Moderation: Anne Zauner (Literaturhaus Wien).
Ungesehenes
Die aus Südtirol stammende Filmemacherin und Autorin Carmen Tartarotti präsentiert noch nie gezeigtes Filmmaterial, das im Zuge ihrer filmischen Mayröcker-Porträts 1 Häufchen Blume 1 Häufchen Schuh (Mitarbeit: Bodo Hell, 1991) und Das Schreiben und das Schweigen (2008) entstanden ist.
Tonarten des Weisz
Die Übersetzerin und Dozentin für Literaturgeschichte Juliana Kaminskaja aus St. Petersburg hält einen Kurzvortrag über ihren seit vielen Jahren geführten intensiven Dialog mit der Dichterin und ihrem Werk.
Die legendäre „Zettel-Höhle“ im 5. Wiener Gemeindebezirk, die in den letzten 21 Jahren Mayröckers Lebens- und Schreibort war, bleibt eine Dichter:innen-Wohnung. Ab 2025 sind die Stipendiat:innen von Österreichs erstem internationalen Poets-in-Residence-Programm dort zu Gast. Über ihre Tätigkeit als Mayröcker-Residence-Juror:innen 2024/2025 sprechen die Autorinnen Heike Fiedler (CH/D) und Anja Zag Golob (SLO) sowie der Autor Josef Haslinger (A).
Momentaufnahmen
Darüber hinaus ist an diesem Abend eine Friederike-Mayröcker-Fotoserie einmalig zu sehen: Die Bilder, Schnappschüsse zumeist, stammen aus dem mehrere tausend Fotos umfassenden Privatarchiv von Edith Schreiber, der langjährigen Vertrauten der Dichterin.
Friederike Mayröcker
Residence
Das Literaturhaus Wien startete im Juli 2024 das erste internationale Poets-in-Residence-Programm des Landes. Das Programm, das im Gedenken an die bedeutende Autorin Friederike Mayröcker (1924-2021) initiiert wurde, richtet sich an Poet:innen jeden Alters, die – wie Mayröcker – inhaltlich, stilistisch oder formal innovative Wege beschreiten.

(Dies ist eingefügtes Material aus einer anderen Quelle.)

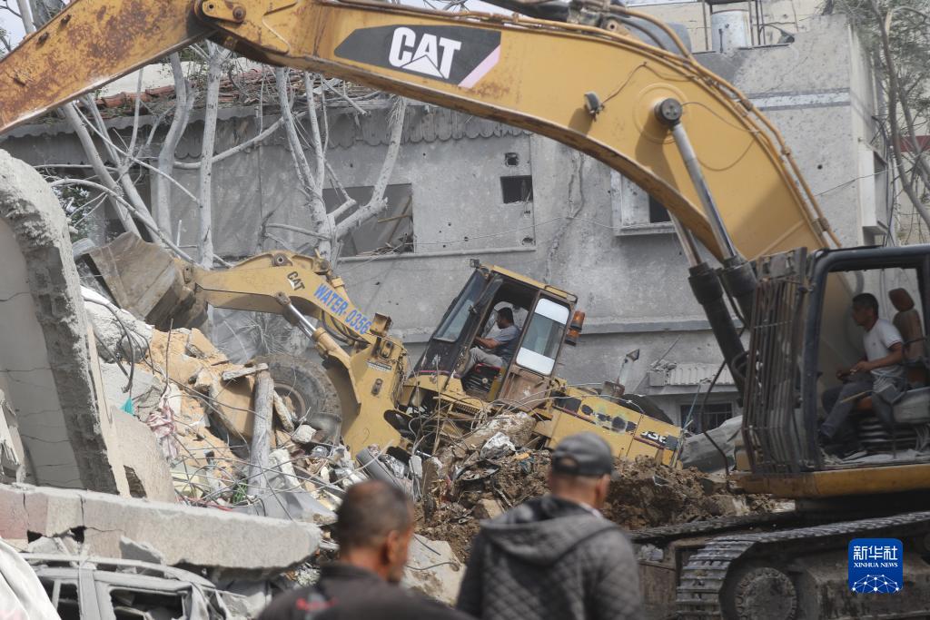 10月8日,在加沙地带南部城市汗尤尼斯,人们在以色列空袭后的建筑废墟中搜寻幸存者。

Lyriker:innen aus Europa und der ganzen Welt waren eingeladen, sich bis 30. August 2024 für ein Stipendium zu bewerben. Ab 2025 werden pro Jahr jeweils fünf Stipendiat:innen für zwei Monate in Friederike Mayröckers legendärer Wohnung zu Gast sein. Über die Vergabe entscheidet eine dreiköpfige Jury, der für das Jahr 2025 Heike Fiedler (CH/D), Anja Zag Golob (SLO) und Josef Haslinger (A) angehören.
Finanziert wird das Programm vom BMKÖS (Bundesministerium für Kunst, Kultur, öffentlicher Dienst und Sport).